- **Problem to work on**: Stop after the line that contains "2. Lo primero". Until then, retype each line of the entries exactly from the first one, skipping pictures.

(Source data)
....
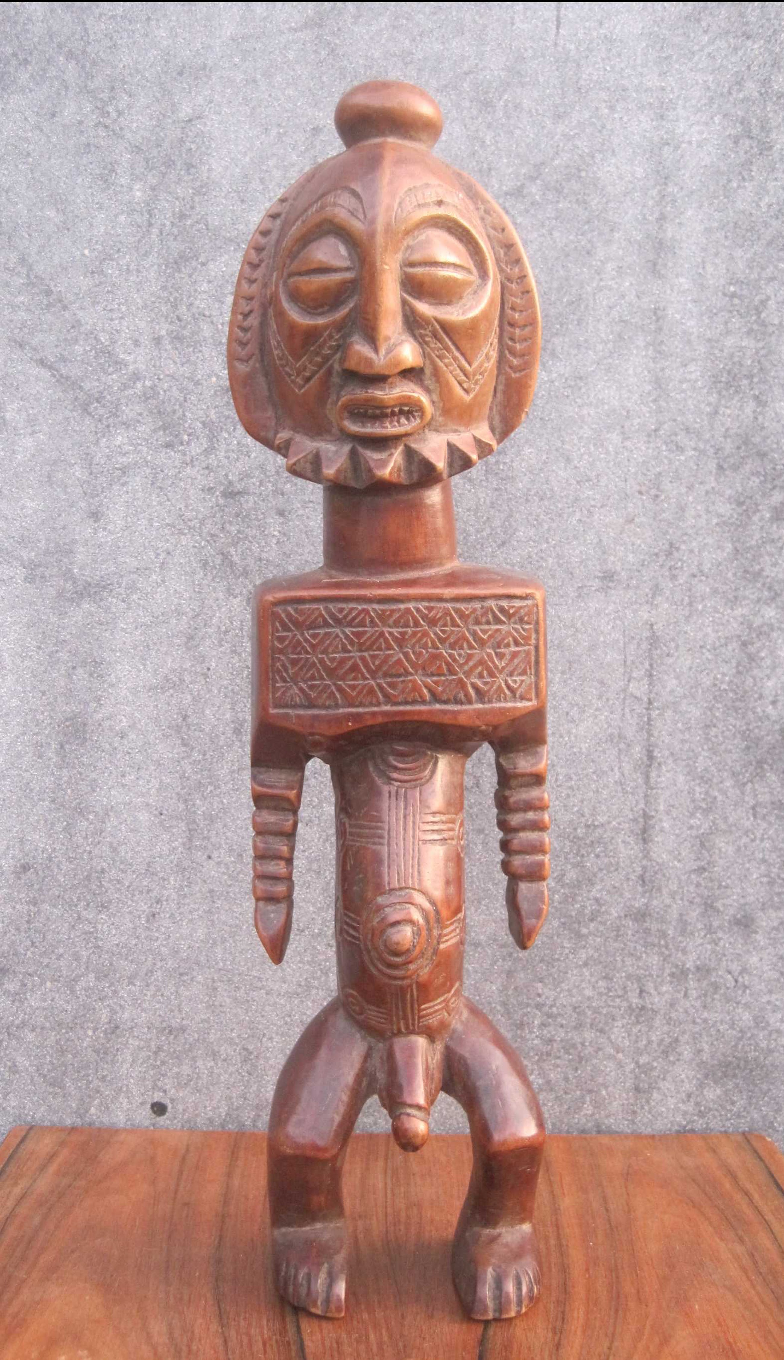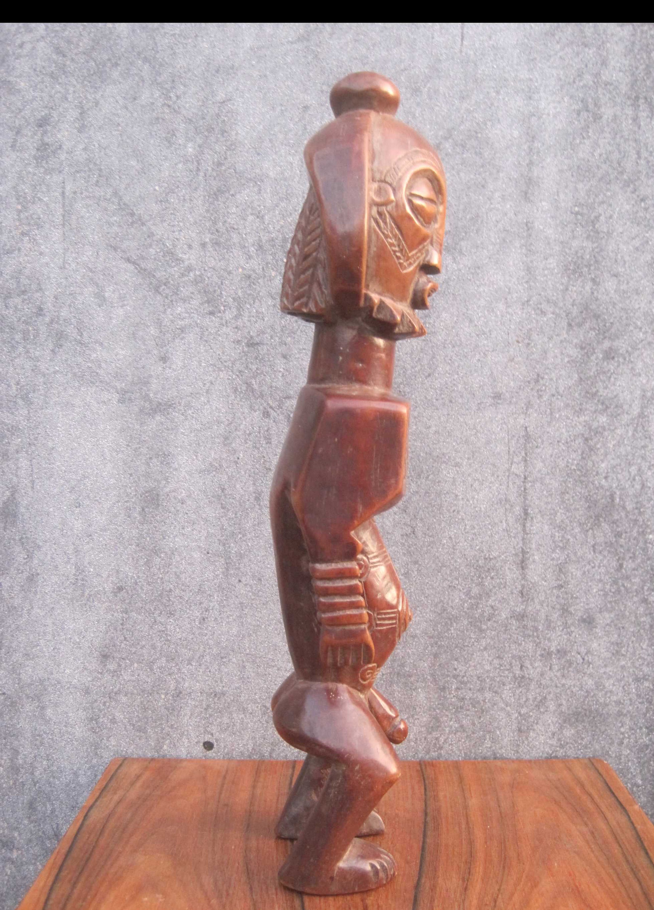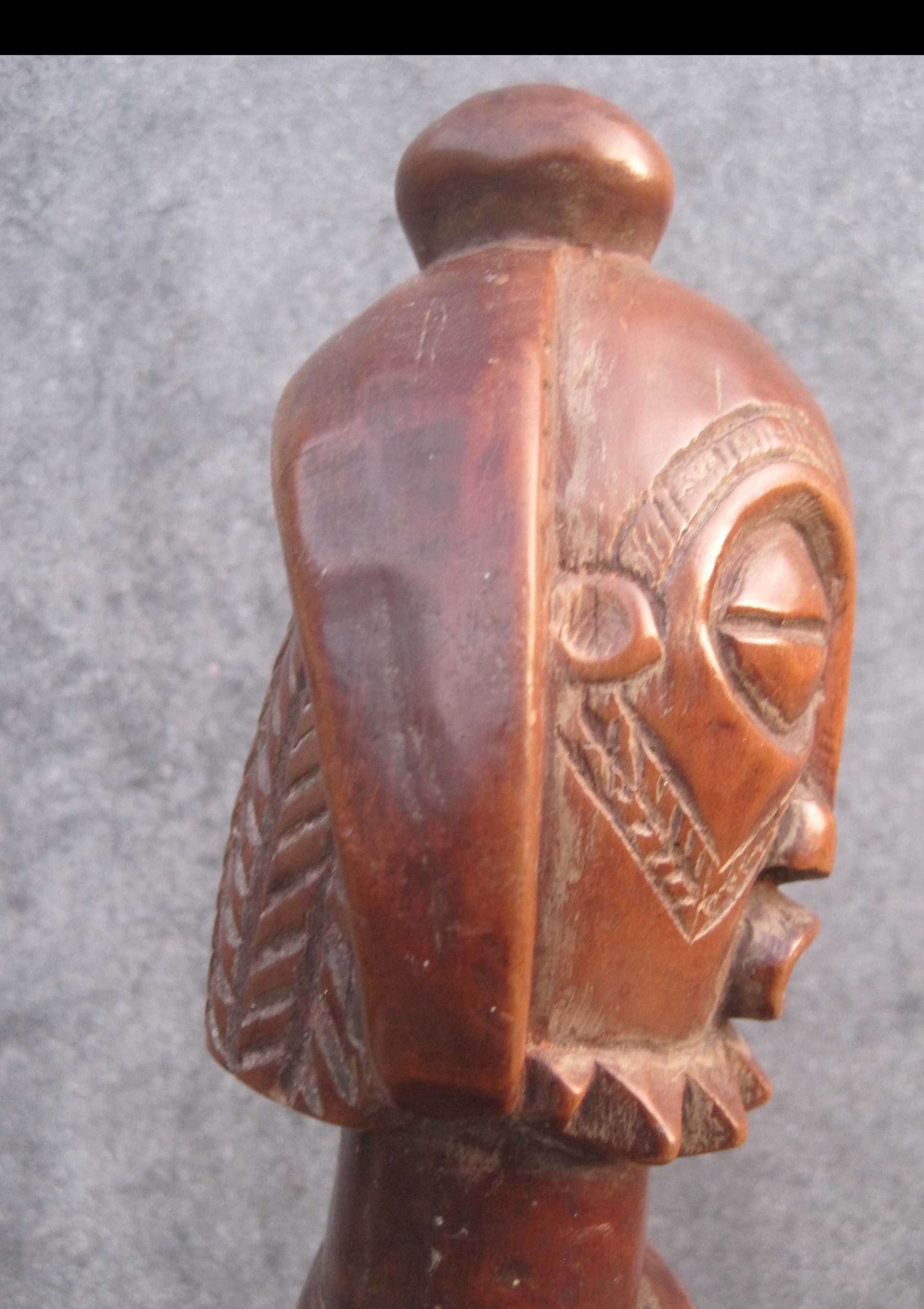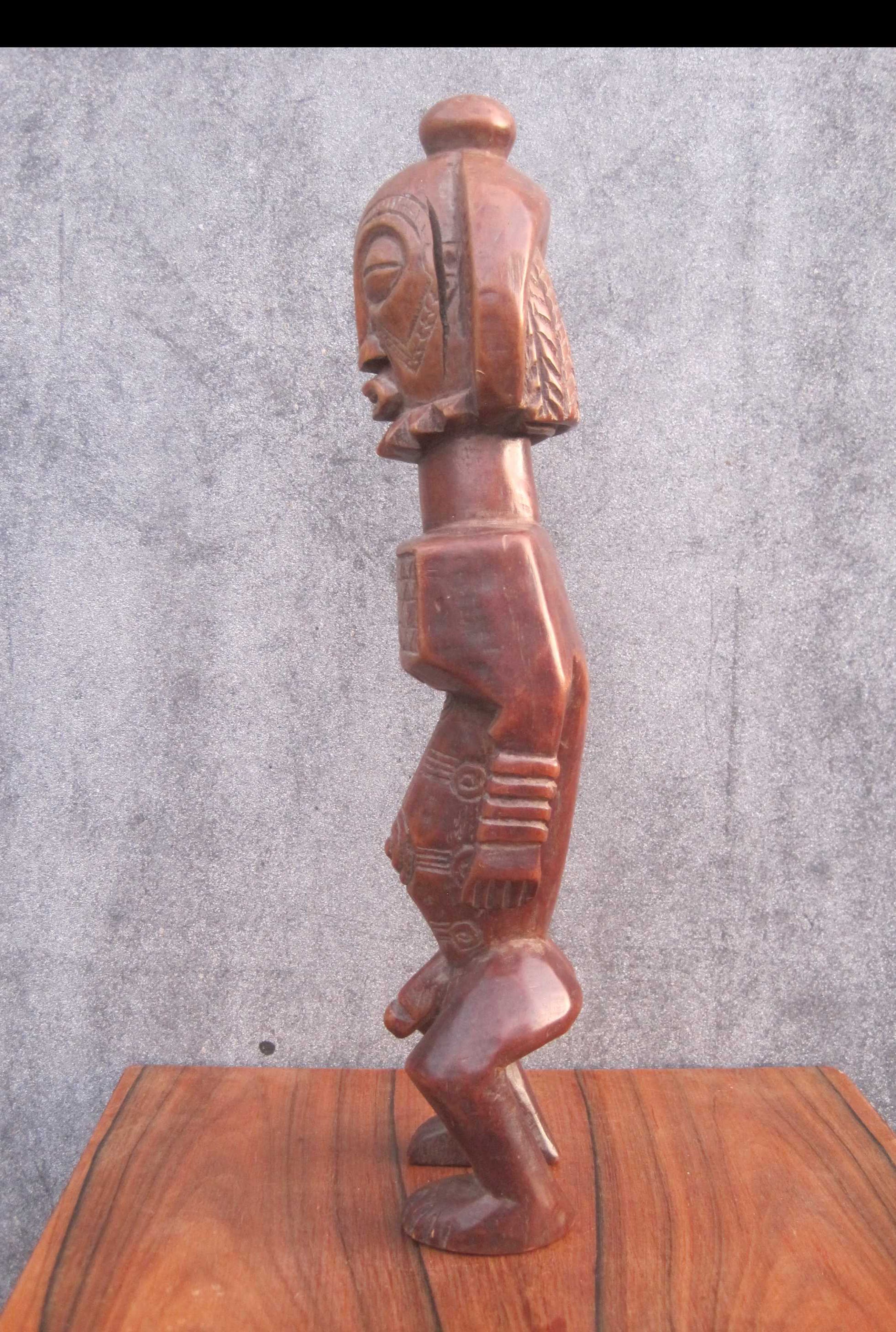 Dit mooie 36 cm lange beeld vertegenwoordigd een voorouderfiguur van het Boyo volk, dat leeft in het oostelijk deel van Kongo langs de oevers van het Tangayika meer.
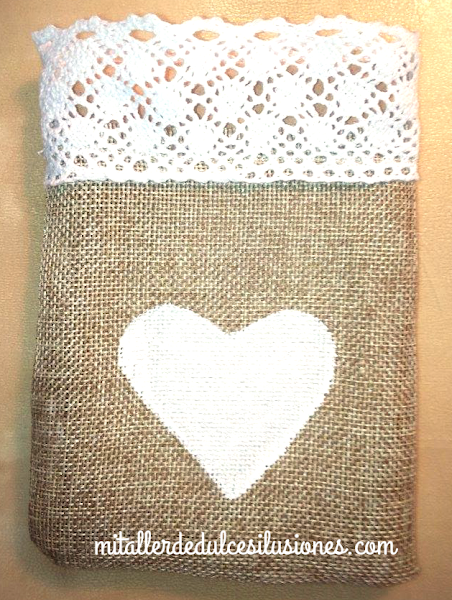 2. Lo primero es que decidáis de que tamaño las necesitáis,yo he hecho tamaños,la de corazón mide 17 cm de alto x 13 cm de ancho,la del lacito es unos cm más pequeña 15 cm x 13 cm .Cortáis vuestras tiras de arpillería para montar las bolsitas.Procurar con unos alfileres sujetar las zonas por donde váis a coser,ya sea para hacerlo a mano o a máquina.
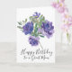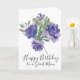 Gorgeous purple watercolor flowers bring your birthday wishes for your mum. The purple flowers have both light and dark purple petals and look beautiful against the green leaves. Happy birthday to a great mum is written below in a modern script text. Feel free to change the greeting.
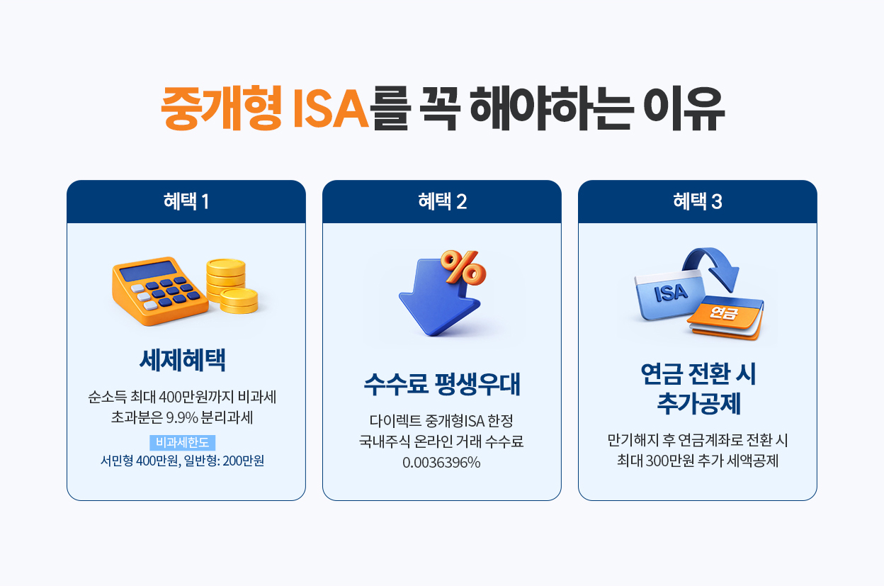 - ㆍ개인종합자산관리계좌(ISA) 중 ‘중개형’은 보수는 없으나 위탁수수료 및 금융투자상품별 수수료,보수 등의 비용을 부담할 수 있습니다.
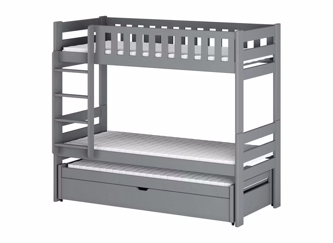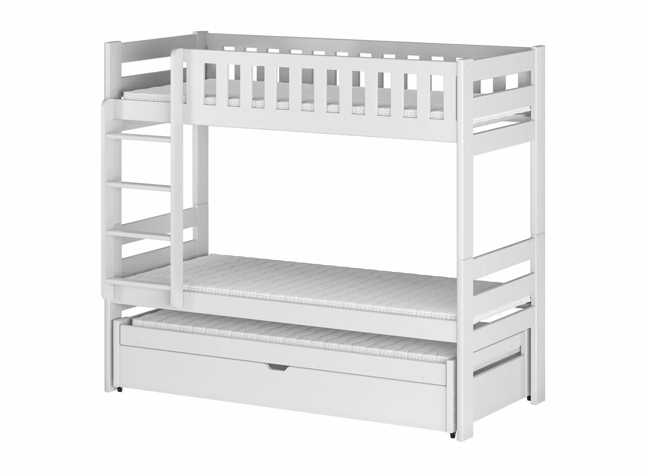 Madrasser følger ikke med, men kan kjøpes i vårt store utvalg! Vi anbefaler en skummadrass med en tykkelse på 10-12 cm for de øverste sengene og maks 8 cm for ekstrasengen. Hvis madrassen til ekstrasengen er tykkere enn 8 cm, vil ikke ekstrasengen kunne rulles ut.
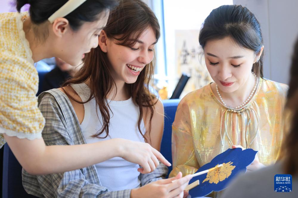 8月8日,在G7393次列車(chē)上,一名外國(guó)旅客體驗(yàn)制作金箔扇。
....
- **Problem solution**:
 Dit mooie 36 cm lange beeld vertegenwoordigd een voorouderfiguur van het Boyo volk, dat leeft in het oostelijk deel van Kongo langs de oevers van het Tangayika meer.
 2. Lo primero es que decidáis de que tamaño las necesitáis,yo he hecho tamaños,la de corazón mide 17 cm de alto x 13 cm de ancho,la del lacito es unos cm más pequeña 15 cm x 13 cm .Cortáis vuestras tiras de arpillería para montar las bolsitas.Procurar con unos alfileres sujetar las zonas por donde váis a coser,ya sea para hacerlo a mano o a máquina.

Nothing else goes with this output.